Forward-looking statements speak only as of the date of this press release. The Company undertakes no obligation to update or revise any forward-looking statements, whether as a result of new information, future events or otherwise, except as required by law.

 

Wellgistics Media & Investor Contact

 

Media: media@wellgisticshealth.com

Investor Relations: IR@wellgisticshealth.com

 

 

 

FAQ

What financing did Wellgistics Health (WGRX) complete on May 27, 2026?

Wellgistics Health issued 0% convertible promissory notes with an aggregate principal of $21,132,812.50 for cash proceeds of $16,906,250, reflecting a 20% original issue discount, together with accompanying PIPE warrants as part of a private financing with accredited investors.

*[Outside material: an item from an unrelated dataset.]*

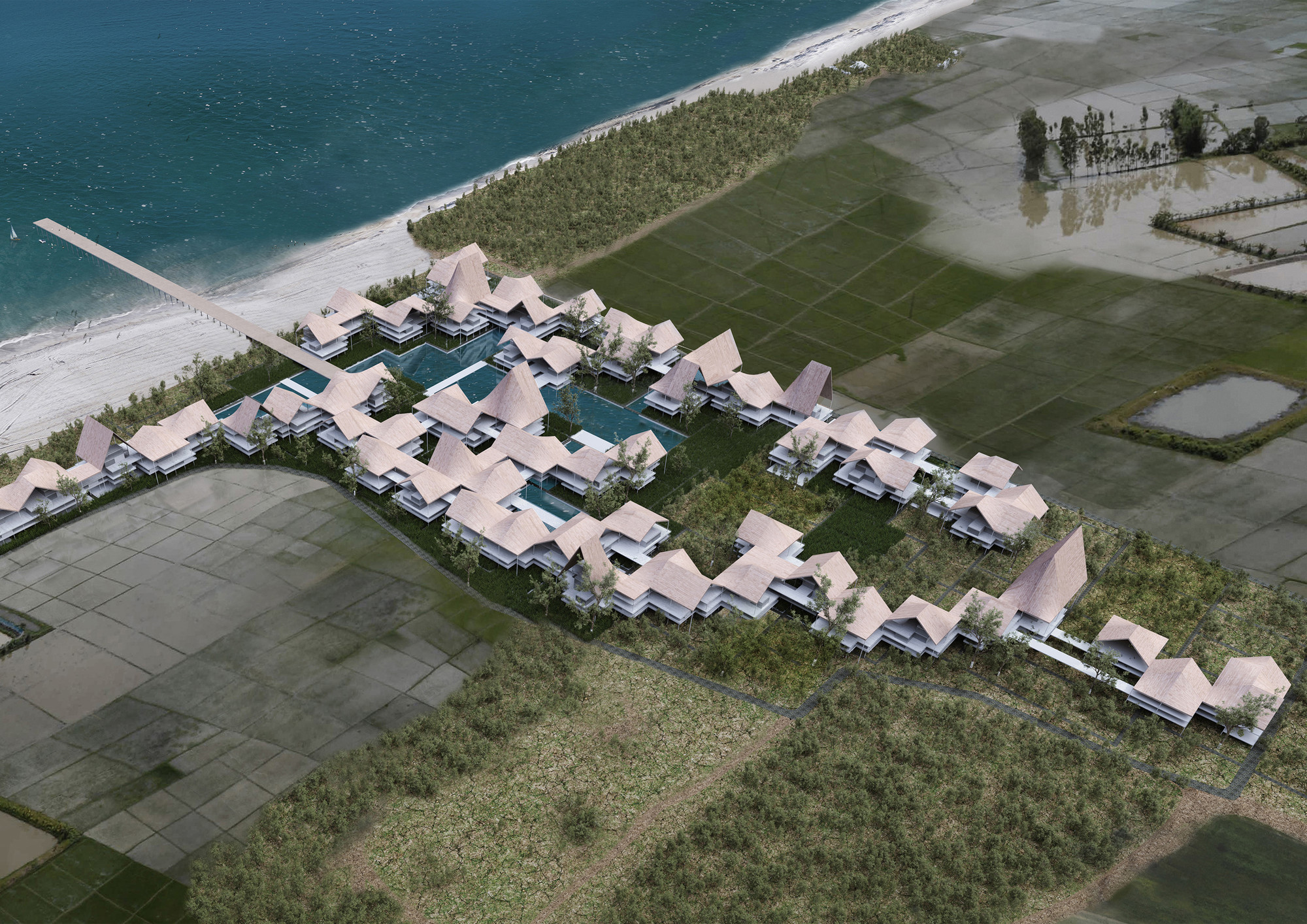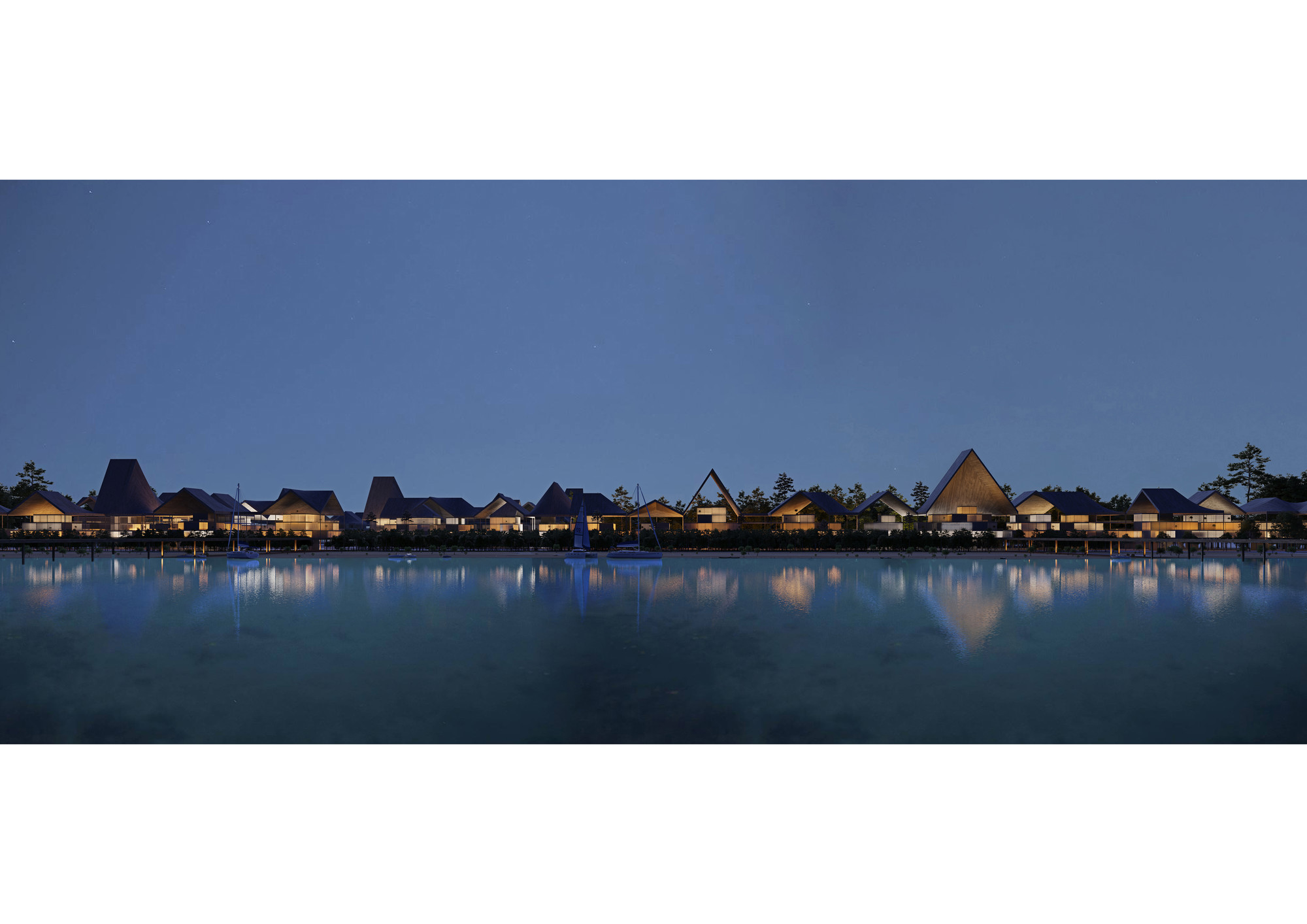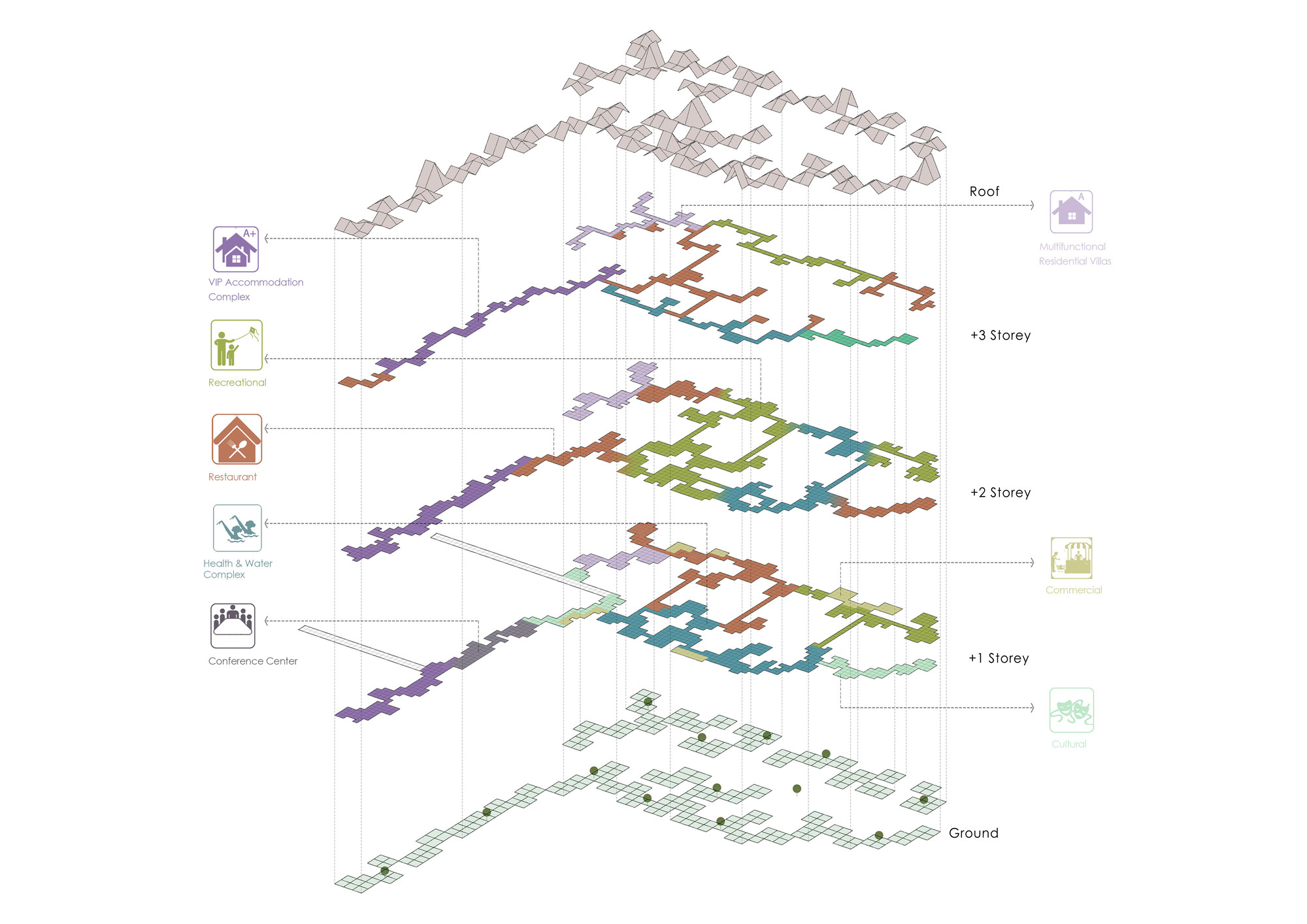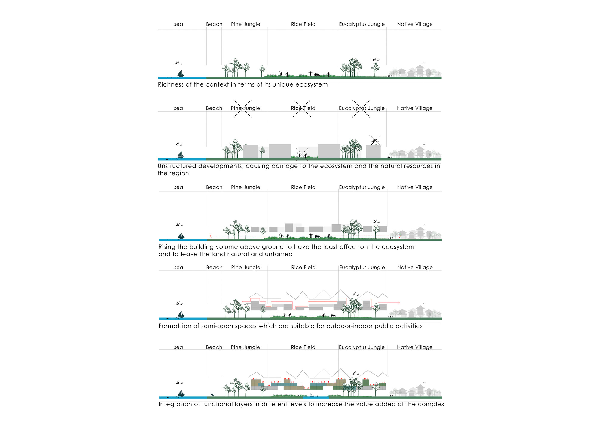 Rapid growth of the tourism industry in the north of Iran has resulted in unstructured developments, causing damages to the ecosystem and the natural resources in the region. The site of this project was one of the few remaining untamed coastal lands of the Caspian Sea. The design intention was to protect the ecological values of the area and to create an appropriate typology model for an ecotourism village in the entire region. The complex consists of hotels and restaurants, along with shopping malls and recreational facilities. Inspired by the traditional method of housing in the region, the project volume was raised above the ground, leaving the land natural and untamed. All the functional activities happen on levels raised above ground and under a continuous roof. The continuous roof over the entire volume creates semi open spaces which are suitable for outdoor-indoor public activities. The overall shape of the complex was formed in a way to fade the border between the building and nature.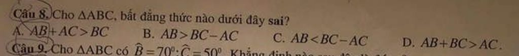 `@` Bất đẳng thức tam giác: trong `\triangleABC` thì:

How do the Wellgistics Health (WGRX) convertible notes and Series A Preferred Stock work?

Before a mandatory conversion date, the notes are convertible into common stock at the lesser of $6.00 per share or the prior-day close, with a $1.00 floor. After specified approvals, they automatically convert into Series A Convertible Preferred Stock with a $1,000 stated value and 10% annual accrued dividends.

What are the terms of the PIPE warrants issued by Wellgistics Health (WGRX)?

The PIPE warrants are exercisable at $7.50 per share, include cashless exercise and anti-dilution adjustments, and expire on May 27, 2031. Each warrant covers shares equal to 150% of the purchaser’s note principal divided by the stock’s official closing price on the issuance date.

How much potential cash could Wellgistics Health (WGRX) receive from warrant exercises?

If all PIPE warrants are exercised in full for cash at the initial $7.50 exercise price, Wellgistics would receive about $39.6 million in gross proceeds. Full cash exercise of the placement agent warrants at the same price would add about $3.2 million, totaling roughly $42.8 million.

How did Wellgistics Health (WGRX) use part of the financing proceeds?

The company used a portion of the new financing proceeds to repay approximately $1.77 million of obligations owed to Marco Capital, Inc. under a prior loan and security agreement that Wellgistics Health had guaranteed, reducing that outstanding debt exposure.

What lock-up agreement did Wellgistics Health (WGRX) announce with shareholders?

Holders of 1,333,930 common shares, representing a majority of outstanding shares, agreed not to sell or transfer their stock for at least 90 days, subject to specified conditions. The lock-up also limits certain hedging and swap transactions but allows customary exceptions like estate and some intra-family transfers.

What ownership and exchange caps apply to the Wellgistics Health (WGRX) financing?

The transaction documents include a 9.99% beneficial ownership limitation and an exchange cap equal to 19.99% of common shares or voting power outstanding before the deal, aligning with Nasdaq Listing Rule 5635(d) and limiting issuances until required stockholder approvals are obtained.